Le concert dans son ensemble est assez captivant et c’est vraiment désolant de l’écouter avec ce son de bootleg qui amoindrit la magie du moment… D’autant plus que les trois pièces décrivent parfaitement l’univers schulzien de l’époque. Et comme pour TANGERINE DREAM, face à de longues improvisations, il faut être patient et laisser le temps à la musique et aux atmosphères de s’installer. Et si nous nous laissons tout simplement porter par la musique, alors il est certain que nous passerons un très agréable moment.
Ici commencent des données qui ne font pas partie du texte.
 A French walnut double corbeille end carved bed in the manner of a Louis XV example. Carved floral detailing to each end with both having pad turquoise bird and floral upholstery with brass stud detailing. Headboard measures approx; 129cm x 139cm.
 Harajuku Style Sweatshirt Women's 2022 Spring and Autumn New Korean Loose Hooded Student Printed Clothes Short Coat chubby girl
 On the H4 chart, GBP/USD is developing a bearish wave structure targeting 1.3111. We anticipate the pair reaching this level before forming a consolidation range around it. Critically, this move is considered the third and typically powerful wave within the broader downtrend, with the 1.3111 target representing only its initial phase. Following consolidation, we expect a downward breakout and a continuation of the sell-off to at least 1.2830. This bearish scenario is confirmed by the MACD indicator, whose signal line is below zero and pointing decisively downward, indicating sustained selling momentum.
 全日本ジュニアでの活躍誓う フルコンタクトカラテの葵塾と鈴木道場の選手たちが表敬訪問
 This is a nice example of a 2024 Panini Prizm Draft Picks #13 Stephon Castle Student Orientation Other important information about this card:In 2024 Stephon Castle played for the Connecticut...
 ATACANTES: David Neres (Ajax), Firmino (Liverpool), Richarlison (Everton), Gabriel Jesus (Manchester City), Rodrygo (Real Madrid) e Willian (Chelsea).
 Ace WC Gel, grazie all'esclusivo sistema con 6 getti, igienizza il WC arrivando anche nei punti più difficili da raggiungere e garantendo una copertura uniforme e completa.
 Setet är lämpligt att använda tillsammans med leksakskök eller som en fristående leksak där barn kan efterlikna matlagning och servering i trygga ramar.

En guise de bonus, le CD 2 propose There Shall Be Sung Another Golden Age, le premier titre ouvrant le concert donné à Arnheim le 28 octobre 1979. Deux mois auparavant, sortait l’album Dune, avec en guest sur la face B et le titre Shadows of Ignorance, Arthur BROWN. Entre octobre et novembre, Klaus SCHULZE a réalisé une tournée en Europe constituée d’une quarantaine de concerts en Allemagne, Belgique, Hollande, Suisse et France. De cette tournée avec BROWN (celui-ci n’entre sur scène qu’à la deuxième partie du concert), nous possédons quelques extraits (notamment de Amsterdam le 27 octobre et de Paris) sur le double album… Live… : ce document devait être le premier et unique enregistrement en public dans l’oeuvre de Klaus, mais heureusement pour nous l’histoire en aura voulu autrement.
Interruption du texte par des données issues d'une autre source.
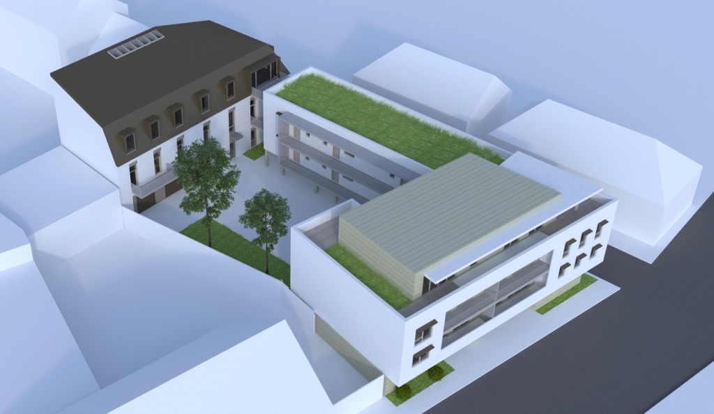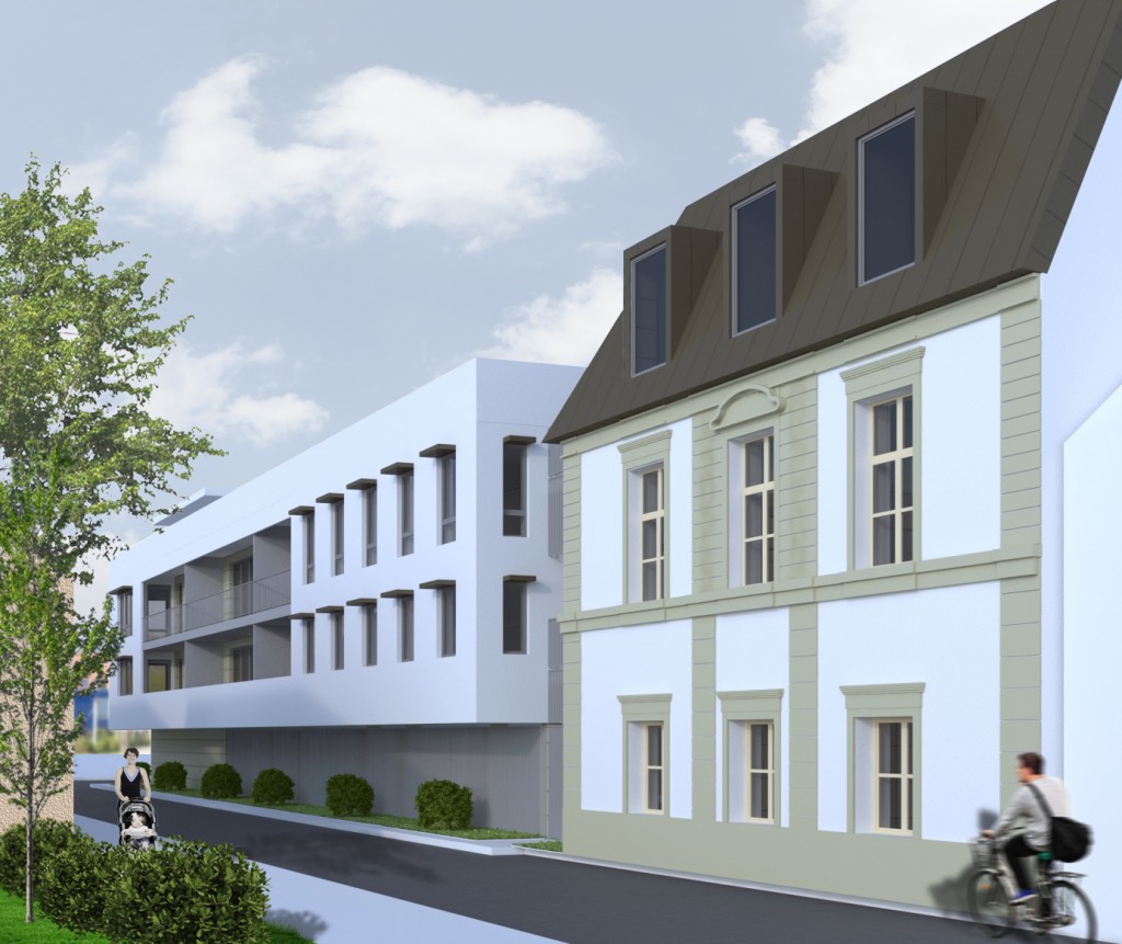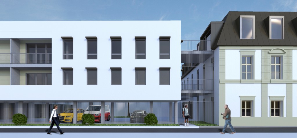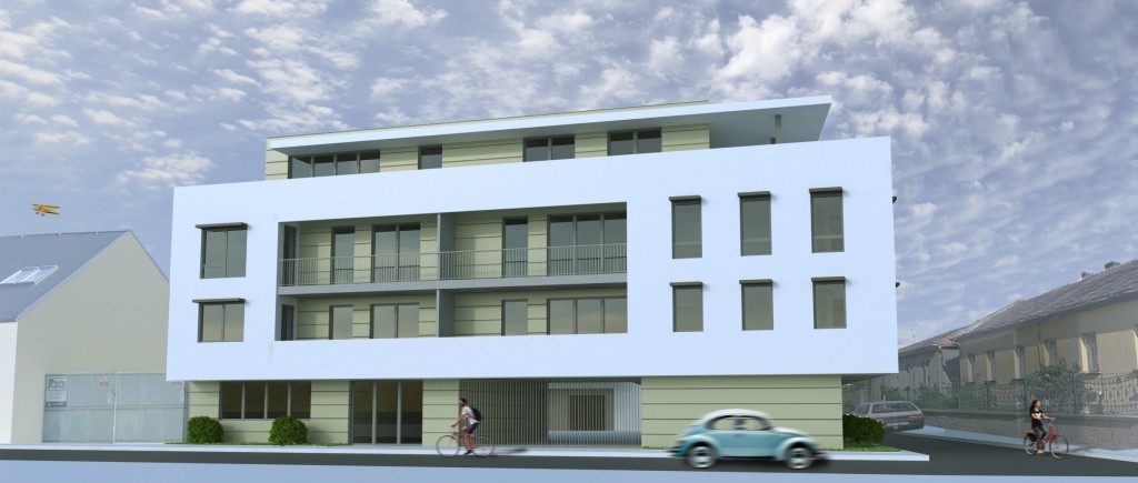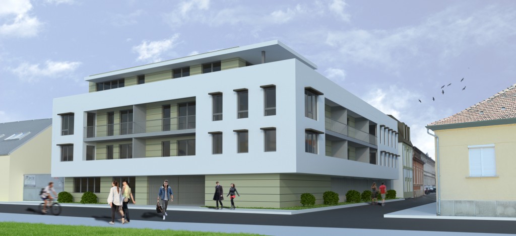 25 lakásos társasház, Győr-Sziget városrészben. A tervezett épület egy új épületrészből, és egy átalakított műemlék jellegű szárnyból áll.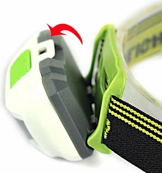 Waterdichte compacte en lichtgewicht hoofdlamp met 300 lumen lichtopbrengst. Schijnt wit licht of rood licht. Werkt op 3x AAA batterij (niet meegeleverd). Met verstelbare elastische hoofdband.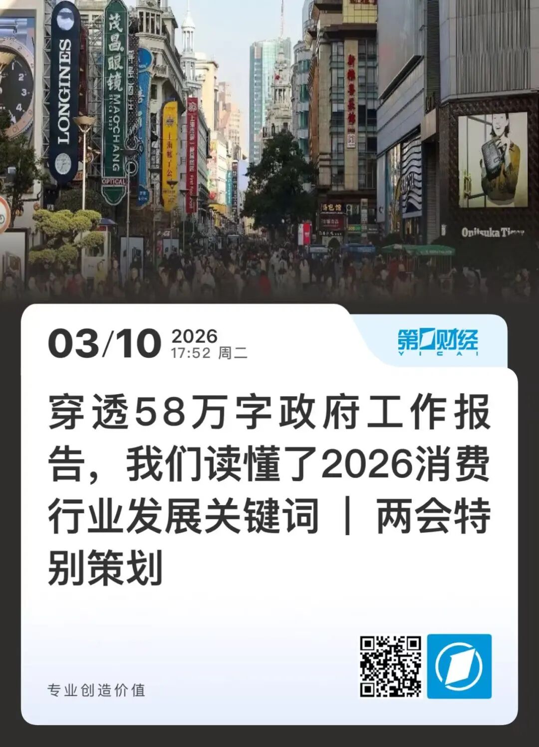 第一财经“两会特别策划”刊发长文《穿透58万字政府工作报告,我们读懂了2026消费行业发展关键词》,为洞察“十五五”消费产业航向提供指南。报道深挖政府工作报告和31省地方政府工作报告,在超58万字的政府工作报告文件汇总中,提炼出情绪经济、银发经济等七大高频词,从供给创新、场景激活双主线,图文并茂系统梳理消费从“量变”到“质变”的新逻辑。

Ce morceau de 33 minutes, découpé en six parties (concernant les plages 5-10 du CD) et à la qualité sonore également assez moyenne, débute par des atmosphères schulziennes lentes et sombres, puis devient de plus en plus rapide et rythmé (dans le genre TEE de KRAFTWERK de par ce côté répétitif métallique prenant vie dès la deuxième partie), où SCHULZE s’amuse à livrer des solis vertigineux et d’autres sons robotiques délirants notamment sur Till With Sounds Like These. C’est un morceau assez attractif, à vous donner le tournis, avec ses moments longs et très dynamiques, et qui se termine comme il a commencé sur des nappes plus sereines, planantes et mélancoliques… Une bien belle manière de représenter ici les années dorées de l’électronique avant d’amorcer la nouvelle décennie avec des travaux emblématiques parfois sous-estimés comme Dig It, Trancefer ou Audentity.
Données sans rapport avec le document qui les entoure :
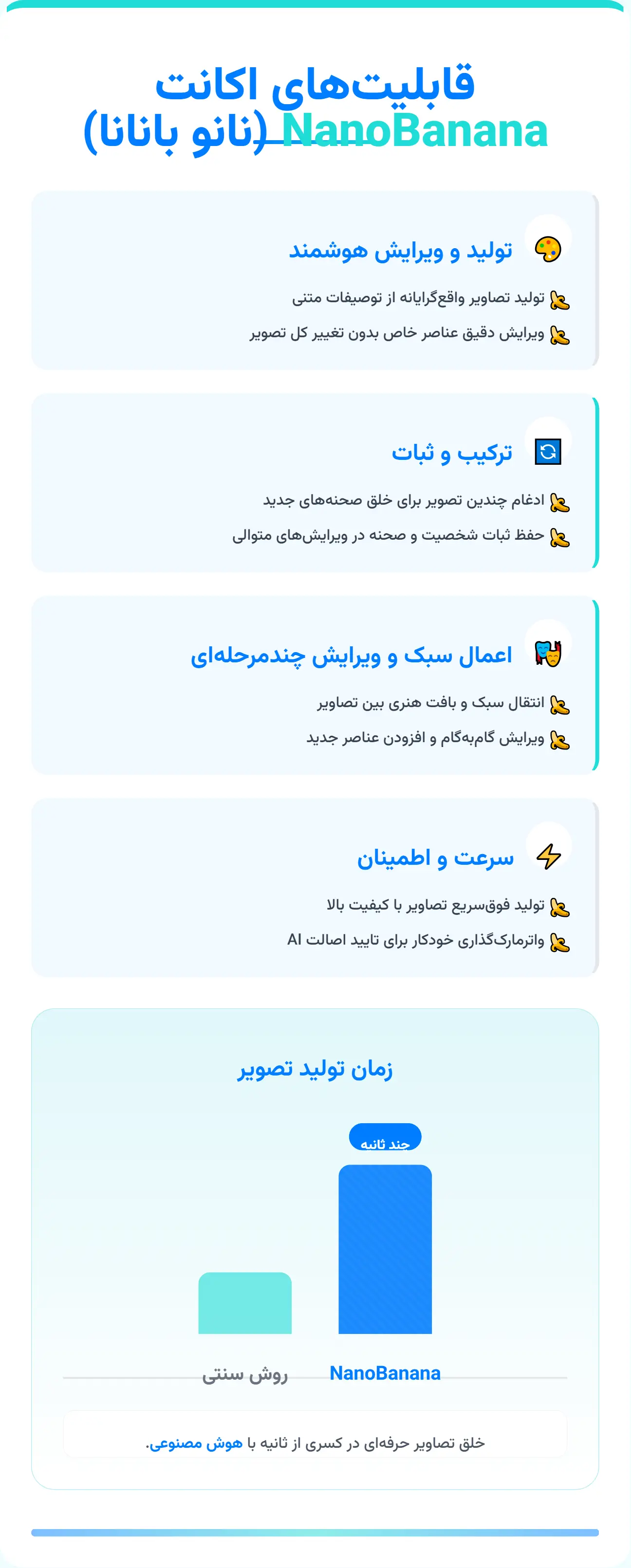 نانو بنانا (Nano Banana) یک پلتفرم پیشرفته تولید تصویر مبتنی بر هوش مصنوعی (AI Art Generator) است که به کاربران اجازه میدهد تا توصیفات متنی (پرامپت) خود را به تصاویر بصری باکیفیت و حرفهای تبدیل کنند. این سرویس بر ارائه مدلهای پیشرفته و ابزارهای ویرایشی برای طراحان، هنرمندان دیجیتال و آژانسهای خلاق تمرکز دارد.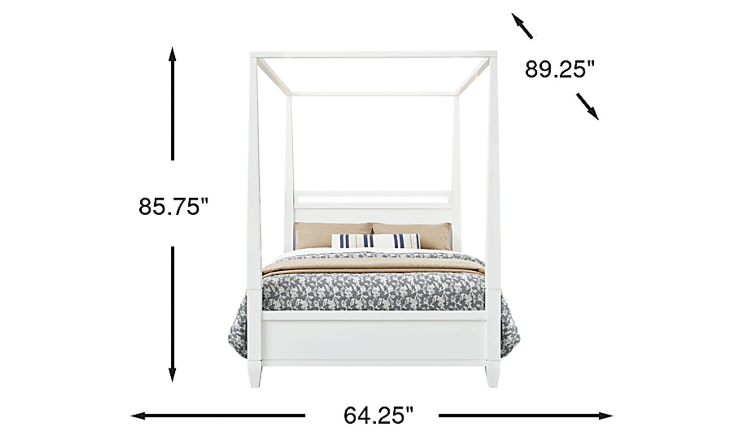 Take minimalism to new heights with the dreamy Aurora Heights queen bed. Crafted from a blend of wood solids in a white finish, this piece features a sleek canopy silhouette with neatly tapered posts and a tall headboard touch with touch LED lights that add incredible depth and dimension. Triangle shaped feet highlight the footboard's simple panel design for a chic final look. Mattress and foundation (if required) sold separately.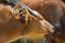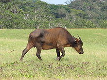The African forest buffalo (Syncerus caffer nanus), also known as the dwarf buffalo or the Congo buffalo, is the smallest subspecies of the African buffalo.[1] It is related to the Cape buffalo (Syncerus caffer caffer), the Sudan buffalo (Syncerus caffer brachyceros), and the Nile buffalo (Syncerus caffer aequinoctialis). However, it is the only subspecies that occurs mainly in the rainforests of central and western Africa with an annual rainfall around 1,500 mm.[2]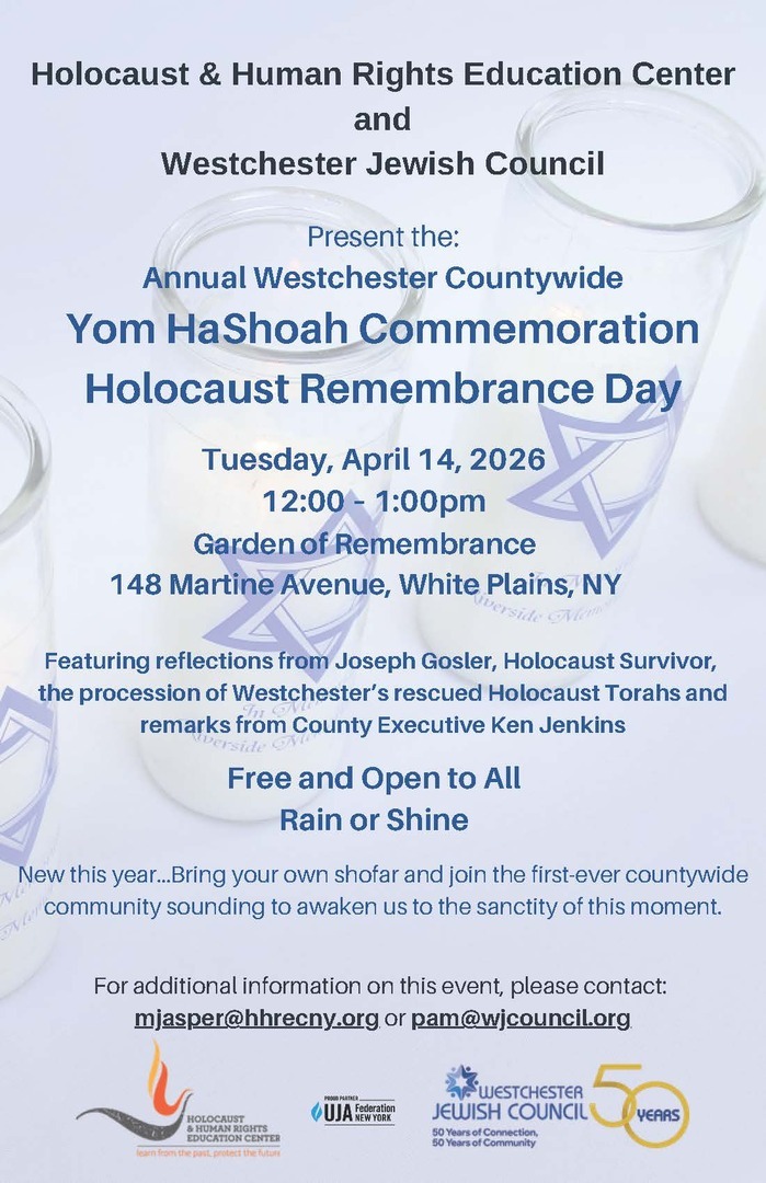 Featuring reflections from Joseph Gosler, Holocaust Survivor, the procession of Westchester’s rescued Holocaust Torahs and remarks from County Executive Ken Jenkins For additional information on this event, please contact: [email protected] or [email protected].

Stars Are Burning existe aussi en version double 33 tours. Disons tout simplement que c’est une belle arnaque ! Sur le premier disque, le titre phare de 48 minutes occupe les deux faces. L’autre disque comprend le deuxième morceau de Bruxelles puis le titre Invisible Musik (remplaçant par conséquent le troisième titre du concert de 1977, beaucoup trop long pour tenir sur une face) issue de la magnifique compilation « électro-ambient », Mutting the Noise. Cette pièce certes est devenue rare aujourd’hui, mais tout bon fan doit déjà la posséder, rendant cette version vinyle définitivement inutile.